Appendix F offers a list of questions to help employers conduct a thorough evaluation. Once an evaluation is complete, according to 1910.146(k), the employer should:
  • Choose a rescue service that has the capability to reach the victim(s) within a time frame that is appropriate for the permit space hazard(s) identified; and is equipped for and proficient in performing the needed rescue services;
  • Inform each rescue team or service of the hazards they may confront when called on to perform rescue at the site;
  • Provide the rescue team or service selected with access to all permit spaces from which rescue may be necessary so that the rescue service can develop appropriate rescue plans and practice rescue operations; and
  • Ensure that at least one member of the rescue team who has a current certification in first aid and CPR is available.
Preparation means practice
Once you’ve determined that the fire department meets all the criteria of a competent rescue team, obtain a written agreement with the fire department stating that they are willing to act as your designated rescue squad, say experts.
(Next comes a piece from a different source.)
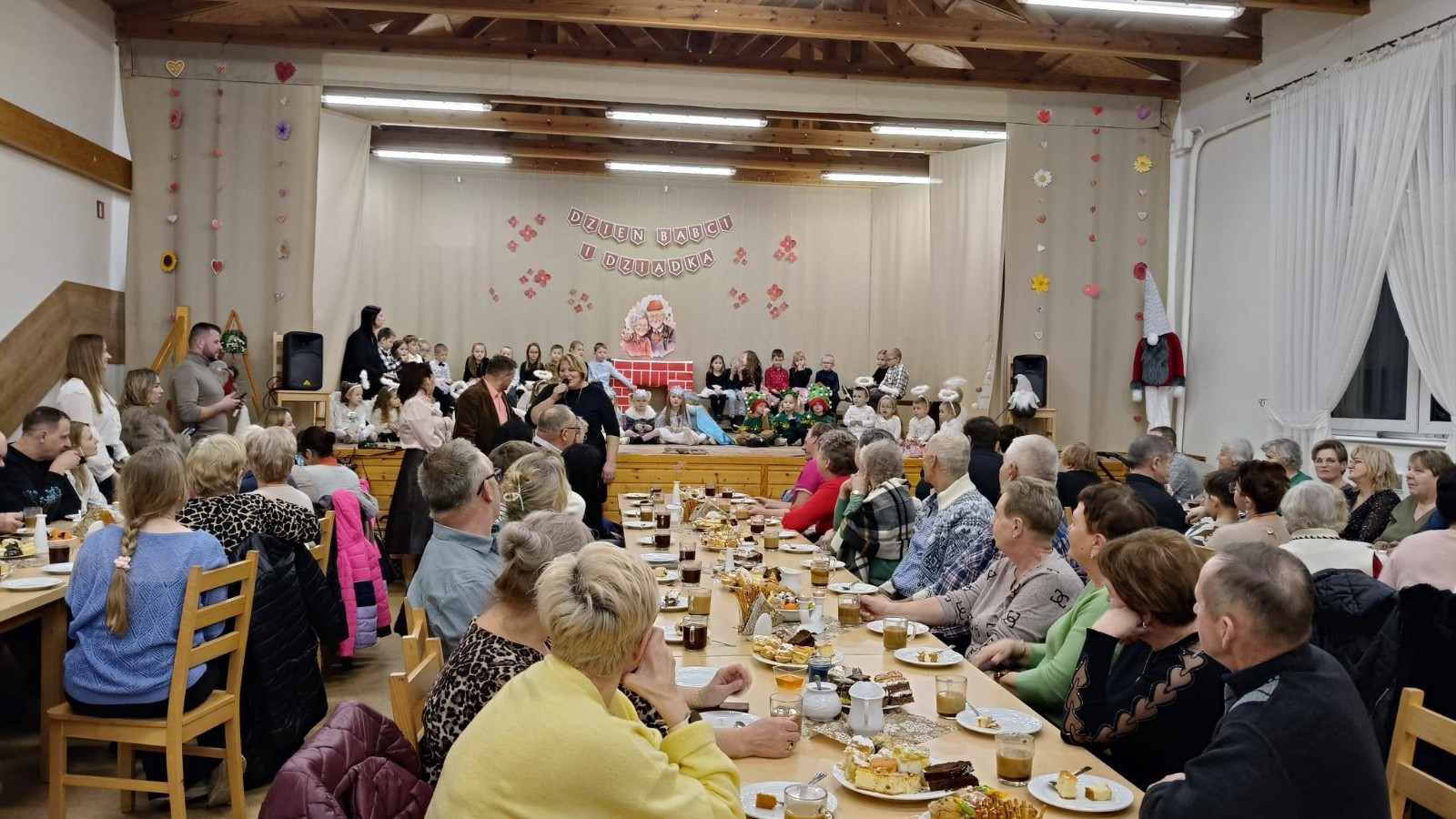 Podczas uroczystości najmłodsi uczniowie zaprezentowali program artystyczny i wręczyli babciom oraz dziadkom upominki. Wspomniano także, w krótkiej modlitwie, zmarłych mieszkańców sołectwa. Szczególnym momentem było uhonorowanie seniorki posiadającej najliczniejsze grono wnuków i prawnuków – pani Teresy Januszewskiej, która ma ich łącznie 45.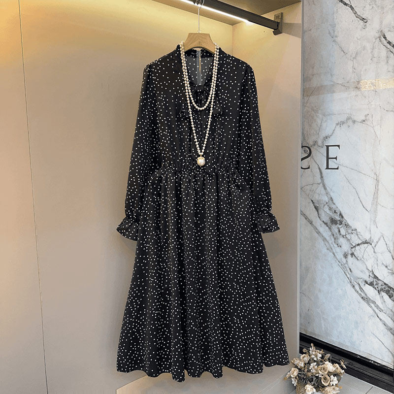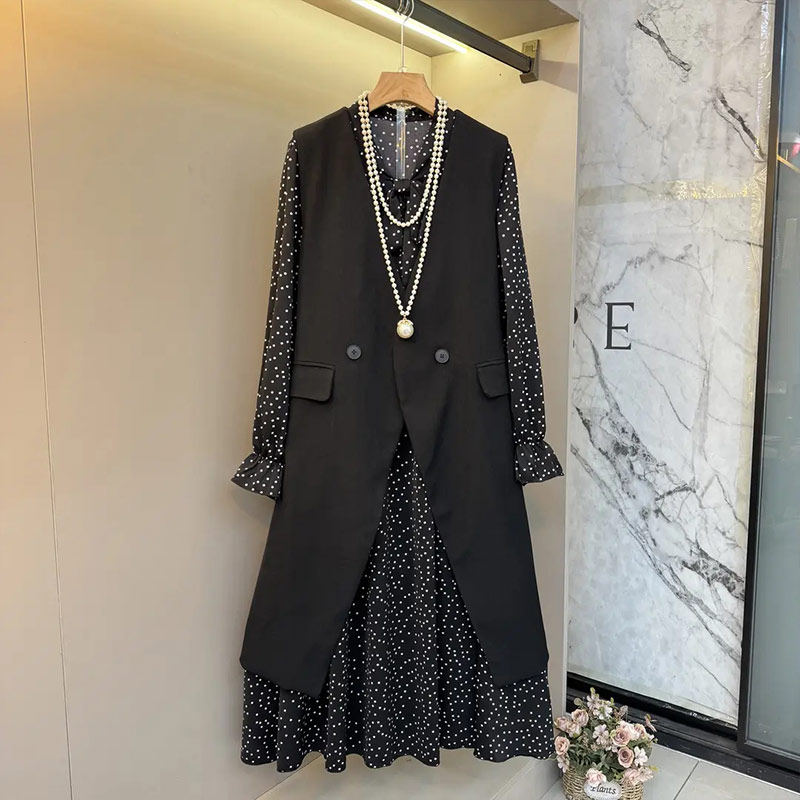 大码女装长款开叉马甲波点连衣裙

Then work to develop a good relationship with the rescue team.

Have a rescue plan in place for each permit space, experts advise. Consider how you will ensure that the rescue team is available prior to any entry and how you will notify the team if a rescue is needed. Above all: practice. At a minimum, 1910.146(k)(2)(iv) requires practice rescues at least once every 12 months, provided that the team or service has not successfully performed a permit space rescue within that time.